Akkitham Narayanan (born 1939) is a Paris-based Indian painter from Kerala. A student of such artists as K. C. S. Paniker, D. P. Roy Choudhury and Jean Bertholle, Narayanan's paintings are on display at various museums and galleries in many countries such as India, France, Japan, Poland and Germany. He is a three time recipient of the Tamil Nadu State Lalit Kala Akademi Award, Raja Ravi Varma Award of the Kerala Lalithakala Akademi and the Cagnes-sur-Mer International Festival of Painting Award.

== Biography ==
Akkitham Narayanan was born in 1939 at Amettikkara, near Kumaranallur in Palakkad district of the south Indian state of Kerala to Akkithathu Manayil Vasudevan Namboothiri and Checkur Manaykkal Parvathy Antharjanam. In 1956, he joined the Government College of Fine Arts, Chennai from where he secured a diploma in 1961 and, on receiving a Government of India scholarship, he did advanced studies until 1964. His days at the Government College of Fine Arts gave him the opportunity to come in contact with D. P. Roy Choudhury, the then principal and K. C. S. Paniker, who was the vice principal of the institution, and Narayanan was also involved with Paniker's efforts to found Cholamandal Artists' Village in 1966. In between, he worked at Ethiraj College for Women for a short while, as a teacher of batik painting. He received another scholarship, this time from the Government of France, which assisted him to move to Paris to study at École des Beaux-Arts, where he studied until 1970; at the institution, he studied monumental art under Jean Bertholle and engraving under Lucien Couteau. Subsequently, he settled in Paris where lives.

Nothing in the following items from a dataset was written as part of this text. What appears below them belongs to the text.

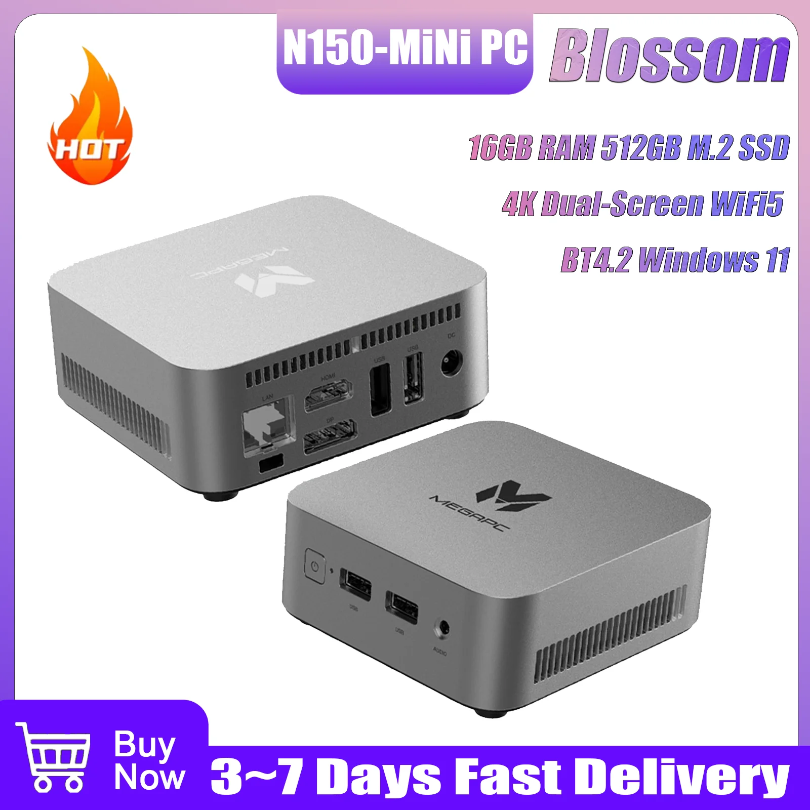 Blossom N150 A0JT Mini computer desktop Intel 16 GB RAM 512 GB M.2 SSD 4K Doppio schermo WiFi5 BT4.2 Windows 11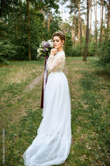 bride with a bouquet of color in the woods. wedding dress with long train.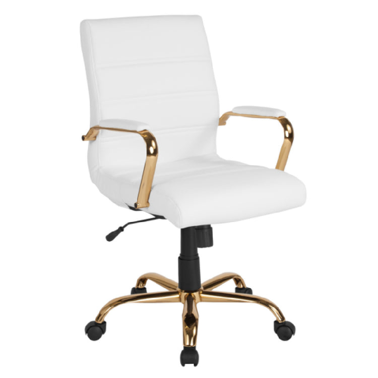 Flash Furniture GO-2286M-WH-GLD-GG Whitney Executive Swivel Office Chair 37" to 40-3/4" Adjustable Height is a sophisticated seating solution designed for various professional settings. This chair features a 250 lb. weight capacity and a mid-back design, making it suitable for a wide range of users. The waterfall seat is upholstered in LeatherSoft, a blend of leather and polyurethane, providing a soft yet durable surface. Ergonomically designed, it includes built-in lumbar support to enhance comfort during extended work sessions. The chair's adjustability is a key feature, with a height range of 37" to 40-3/4" and a tilt lock mechanism complemented by a tilt tension adjustment knob, allowing customization to individual preferences. Aesthetically, the chair boasts gold padded arms and a gold base, adding a touch of elegance to its functional design. The dual wheel casters ensure smooth mobility across office floors. Safety is prioritized with CA117 fire retardant foam. While assembly is required, the end result is a stylish and practical office chair that caters to executive offices, home workspaces, and collaborative environments looking to balance comfort, durability, and visual appeal.

Akkitham Achuthan Namboothiri, noted Malayalam poet, is Narayanan's elder brother.

== Awards ==
Narayanan received the state award of the Lalit Kala Akademi, Chennai, in 1963 and twice more in 1965 and in 1966. In between, he received the Association of Young Painters & Sculptors Award, sponsored by the Akademi in 1965 and in 1972, he received an award at 4th International Painting Festival, Cagnes-sur_Mer. Kerala Lalithakala Akademi awarded him the K. C. S. Paniker Puraskaram in 2009. The Akademi honoured him again with the Raja Ravi Varma Award to Narayanan in 2017. The Akademi has also produced a 27-minute documentary film on the life of the artist, which was directed by K. N. Shaji.